Bachelor Thesis
Development of a Lightweight Miniature Camera with On-Board Image Processing
Vision is an important source of sensory input for autonomous mobile robotics. In most current robotic systems, standard video cameras transmit captured images to a PC for image processing, e.g. through FireWire, USB, or possibly wireless. Continuously increasing autonomy and increasing number of cooperating robots for a given task often requires rudimentary on-board vision processing, as transmission bandwidth and latency in such systems get hard to handle. However, a miniature and lightweight yet powerful stand-alone image-processing-system is not currently available.

For this thesis the student will design, build, and program a stand-alone vision system composed of a tiny CMOS camera module as is typically found in mobile telephones (around 5x5mm), an SRAM module for buffering captured images, and a microprocessor to perform simple vision algorithms in an embedded system (such as blob-tracking). Particular attention should be given to size and weight constraints, as the vision system shall be employed on miniature flying quadro-copters. We have designed a similar system some years ago which shall serve as a reference; however, current technology has advanced dramatically, which requires a re-design with significantly improved features.

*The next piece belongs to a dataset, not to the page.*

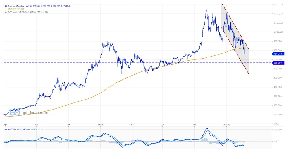 „Die Aktie von Tesla kennt aktuell nur eine Richtung. Die nach unten. Der ohnehin schon intakte Abwärtsmodus wurde nun noch verstärkt durch das Unterschreiten der 200-Tage-Linie. Diese tendiert bei 830,70 Dollar. Der gestrige Schlusskurs an der Nasdaq betrug 764,04 Dollar. Die markttechnischen Indikatoren sind ebenfalls alles andere als erfreulich. MACD sowie Slow-Stochastik im freien Fall und die Bollinger-Bänder weiten sich aus. Trotzdem könnte bei 718 Dollar eine etwaige Unterstützung verlaufen. Bricht diese allerdings auch, ist der Weg frei bis 666 Dollar. Diese Entwicklung würde sich dann nahtlos an das „Death-Cross“ vom 16.02.2022 anreihen. Vor gut einer Woche unterschritt die 38-Tage-Linie die 100-Tage-Linie", sagt Charttechnik-Experte Martin Utschneider von Donner & Reuschel.
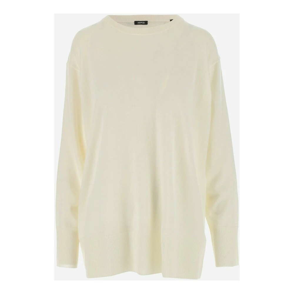 Pullover laget av lette jomfruelige ullgarn mannskapslange ermer høye hem, mansjetter og ribbet mannskaphals hvit laget i Kina

- Investigate functionality of miniature CMOS camera modules
- Evaluation of CMOS camera modules, SRAM chips and possibly microcontrollers
- Design system composed of CMOS camera, SRAM and microcontroller
- Circuit-Board design and assembly of such a system
- Basic software development for camera system (in C for microcontroller) and host PC
This thesis requires familiarity with electronic components (e.g. microcontrollers, SRAM), experience in circuit board design (Eagle), and programming skills in C (possibly Java/PC).
This work is part of a new student-project started at Fachbereich NST that investigates in swarms of miniaturized autonomous flying vehicles. The miniature camera shall ultimately be used on-board of flying quadro-copters to detect salient objects (as part of an international UAV-competition).